◆ **ASSIGNMENT**
Write the entries out again exactly; any picture among them gets left out.

◆ **DATA SECTION**
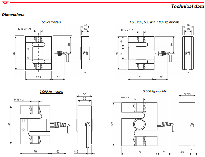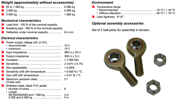 量程: 50kg, 100kg, 200kg, 500kg, 1000kg, 2000kg,5000kg
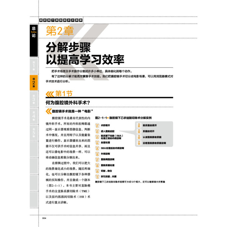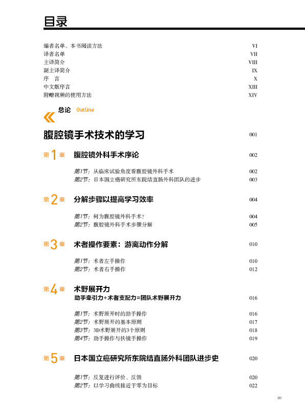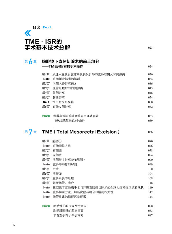 本书是对腹腔镜下直肠癌手术技术的解说,分总论和各论两部分。其中各论中各章采用阶梯式教学方式对相关手术基本技术进行了分解及介绍,其内容包括以下几个主要“项目”:术野展开:相关流程及技术。游离操作:相关流程及技术。关键点:手术技术各环节关键点,注意事项:手术陷阱,一旦中招就可能招致危险,并且介绍其对策。伊藤之眼:如何掌握诀窍、提高技能,为此提供更加专业性及知识性的解说。
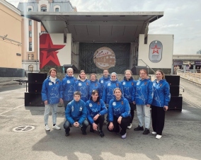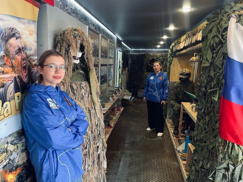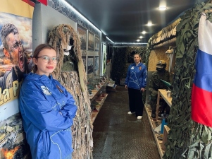 Волонтёры Победы встречали посетителей передвижной выставки и помогали им.
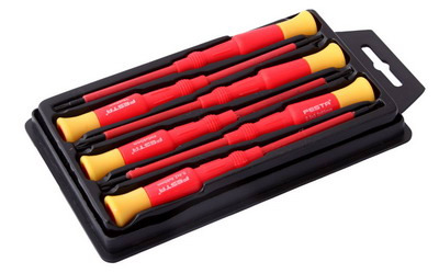 Sada 6 ks jemných elektrošroubováků v plastovém kufříku. Sada obsahuje ploché, PH, TORX šroubováky.
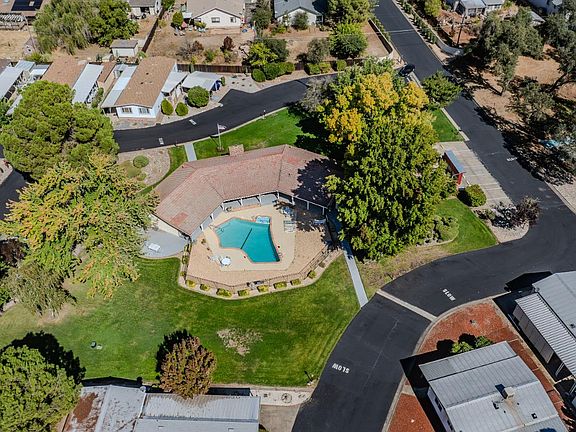 Welcome to Oak Shadows Mobile Home Park. Pride in ownership is obvious as you drive through park. #80 shows well. It features a large kitchen, a living room with fireplace. Two bedrooms, one bath. Home has been painted inside with new carpet. Covered porch off living room and areas on each side of home with two sheds for extra storage. A new roof was installed on home, May 2025. Included in the monthly space fee of $829 is a club house,pool,picnic area,library and exercise room. Plus RV parking. Located close to town, senior center,hospital,shopping and government center. This is a 55 & older community. Seller is forced to sell, due to health. Roof & pest inspections are uploaded.
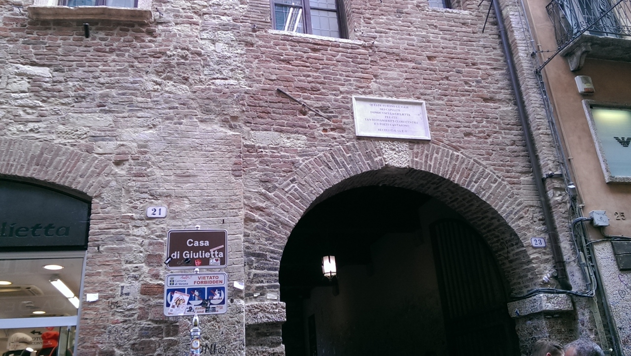 ベローナを観光した際にここを見学しました。ブラ広場から大きな通りを歩いていると、このジュリエッタの家の行き方が書かれた看板があるのでわかりやすいです。中は結構混んでいましたので外から眺めるだけでしたががそれでも見るべきものは見た、という感じです。
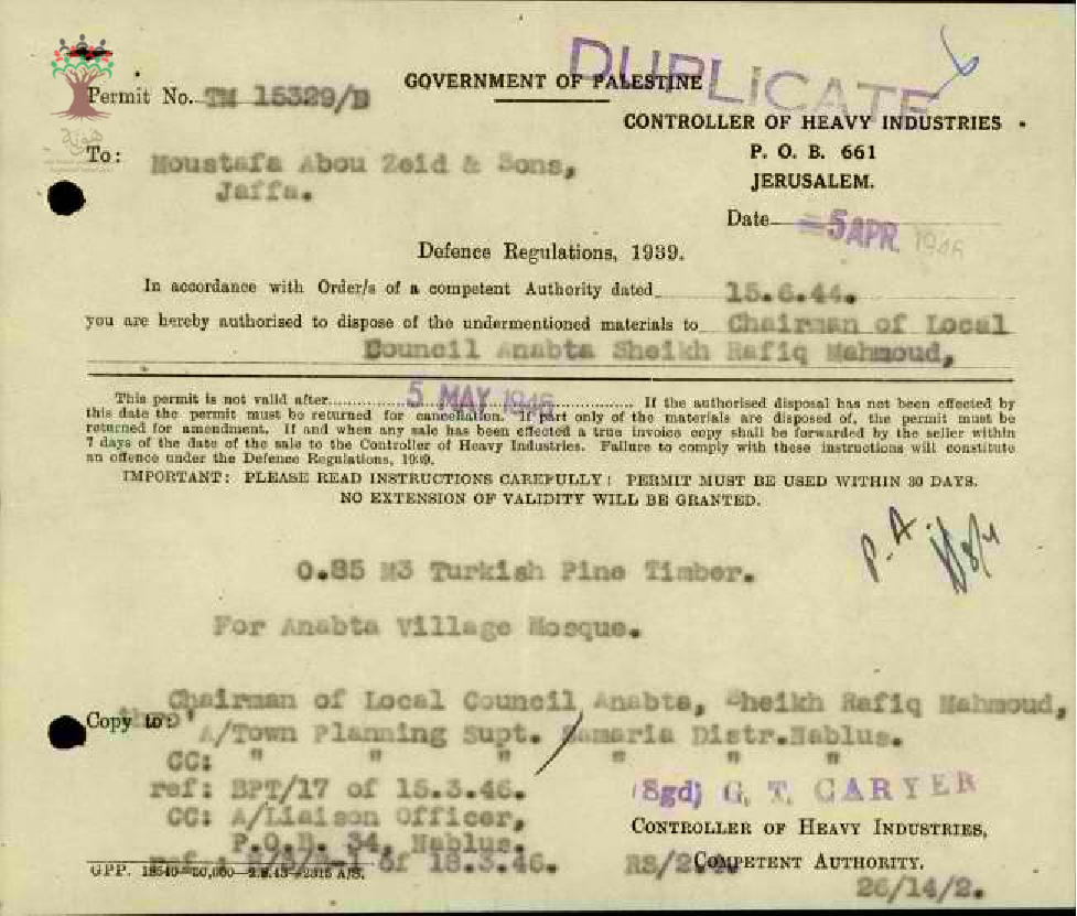 طلب رخصة بناء - الشيخ رفيق محمود - عنبتا
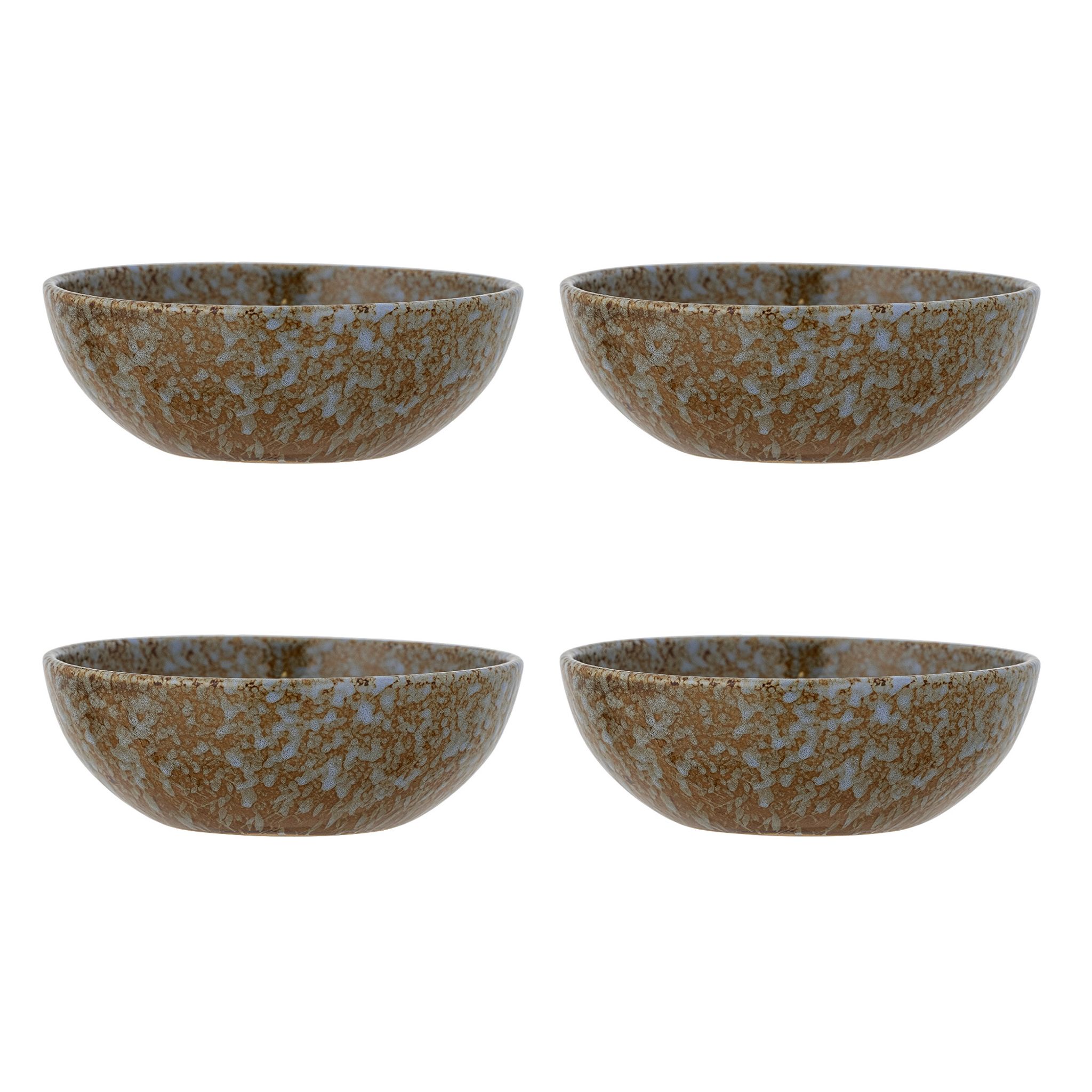 Upptäck Bloomingville Paula Skålset, med fyra stengodsskålar i bruna och blå nyanser som ger en stilfull touch till ditt bord.

◆ **ANSWER FOR THIS EXERCISE**
 量程: 50kg, 100kg, 200kg, 500kg, 1000kg, 2000kg,5000kg
 本书是对腹腔镜下直肠癌手术技术的解说,分总论和各论两部分。其中各论中各章采用阶梯式教学方式对相关手术基本技术进行了分解及介绍,其内容包括以下几个主要“项目”:术野展开:相关流程及技术。游离操作:相关流程及技术。关键点:手术技术各环节关键点,注意事项:手术陷阱,一旦中招就可能招致危险,并且介绍其对策。伊藤之眼:如何掌握诀窍、提高技能,为此提供更加专业性及知识性的解说。
 Волонтёры Победы встречали посетителей передвижной выставки и помогали им.
 Sada 6 ks jemných elektrošroubováků v plastovém kufříku. Sada obsahuje ploché, PH, TORX šroubováky.
 Welcome to Oak Shadows Mobile Home Park. Pride in ownership is obvious as you drive through park. #80 shows well. It features a large kitchen, a living room with fireplace. Two bedrooms, one bath. Home has been painted inside with new carpet. Covered porch off living room and areas on each side of home with two sheds for extra storage. A new roof was installed on home, May 2025. Included in the monthly space fee of $829 is a club house,pool,picnic area,library and exercise room. Plus RV parking. Located close to town, senior center,hospital,shopping and government center. This is a 55 & older community. Seller is forced to sell, due to health. Roof & pest inspections are uploaded.
 ベローナを観光した際にここを見学しました。ブラ広場から大きな通りを歩いていると、このジュリエッタの家の行き方が書かれた看板があるのでわかりやすいです。中は結構混んでいましたので外から眺めるだけでしたががそれでも見るべきものは見た、という感じです。
 طلب رخصة بناء - الشيخ رفيق محمود - عنبتا
 Upptäck Bloomingville Paula Skålset, med fyra stengodsskålar i bruna och blå nyanser som ger en stilfull touch till ditt bord.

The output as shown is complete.